Новый сержант, хитрый адмирал и литр кефира на прощанье
Уже горячее утреннее солнце сквозь пронзительную осеннюю прохладу — не может быть погоды лучше для прощания.
Они еще не входили в новое здание аэропорта, составили свои вещи в отдельное каре на асфальте и, по-разному смеясь, разговаривали, фотографировались, пили пиво. Самым удивительным образом все знакомые ему люди за столь короткое время, за вечер, за ночь, утро, опять превратились в клерков, врачей, бизнесменов, в торговцев. Классные пиджаки, наглаженные рубашки, кейсы, кожаные чемоданы на колесиках, белые манжеты, розовые и голубые галстуки, роскошные сигареты…
Многие явно удивлялись, не подавая вида, тому, что из всех присутствующих только один капитан Глеб был одет по-лесному, как и два дня назад. Опять его горные ботинки, чистые камуфляжные брюки, белая майка на тугих мускулистых плечах.
…Строители заканчивали монтаж роскошного фасада, половина его больших стекол по всей высоте была уже вымыта и отполирована. Воскресный день задержал все текущие работы, и техника оттого простаивала. С точки зрения Глеба — зря.
Прощание как-то смущенно затягивалось, громоздкие вещи отправились в багаж, регистрация пассажиров была произведена вовремя и без замечаний, а из внутренностей аэровокзала голос диктора уже умолял их всех пройти на посадку на почти одновременные рейсы: в Копенгаген и до Варшавы.
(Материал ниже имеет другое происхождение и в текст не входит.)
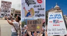 Marchers carried “We the People” signs and references to the U.S. Constitution, including: “The Constitution is not optional,” “Democracy not monarchy” and “No kings since 1776.” Signs and chants varied by region: In New York City, protesters dressed up as the Statue of Liberty; in Florida, signs said the Florida heat would melt ICE; in Texas, marchers called for Gov. Abbott and Sen. Cruz to stand up to the Trump administration’s abuses of power.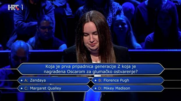 Komentari 1Josipa je napustila igru odgovorivši pogrešno na 11. pitanje za 10.000 eura. Na pitanje koja je prva pripadnica generacije Z koja je nagrađena Oscarom za glumačko ostvarenje, odlučila se za odgovor A
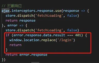 ,这样我们可以设置cookie生命周期为1天。接下来我们解决防止假token登陆的问题。由于假token无法与后端产生数据交互,直接在axios的拦截响应的方法下面判断状态码为401,就自动跳转到登陆页。代码如下:

Одним движением Глеб Никитин перемахнул через поручни монтажной люльки, тихо приткнувшейся на земле почти у самого входа в здание, взял в руки черную пластмассовую коробку управления, немного пощелкал ею и…
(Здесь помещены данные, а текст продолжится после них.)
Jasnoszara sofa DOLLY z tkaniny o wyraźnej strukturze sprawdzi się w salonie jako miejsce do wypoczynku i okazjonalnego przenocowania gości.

Влекомый приятным электрическим жужжанием, к ужасу и восторгу толпы, он взмыл на десяток метров вверх, вдоль блестящих фасадных стекол, откуда и обратился с речью к своему непокорному народу.
— До свиданья, друзья мои!
Раздались многочисленные иностранные крики «Ура!» и вверх полетело несколько мятых военных шапок.
— Мы несколько непростых дней жили в мире и согласии, и мне больно сейчас расставаться с вами… — Глеб Никитин вытер воображаемую слезу, и в толпе послышались вздохи. — Но мой друг солнце настоятельно зовет меня, и я повинуюсь: ведь солнце более могущественный волшебник, чем я! Вспоминайте обо мне, но не слишком грустите: грусть вредит пищеварению. Соблюдайте мои законы! Запомните меня таким!
Милиционер внизу еще только набирал в себя воздуха, чтобы грубо закричать, а Глеб уже спустился. Обнял на земле притихшего Стивена.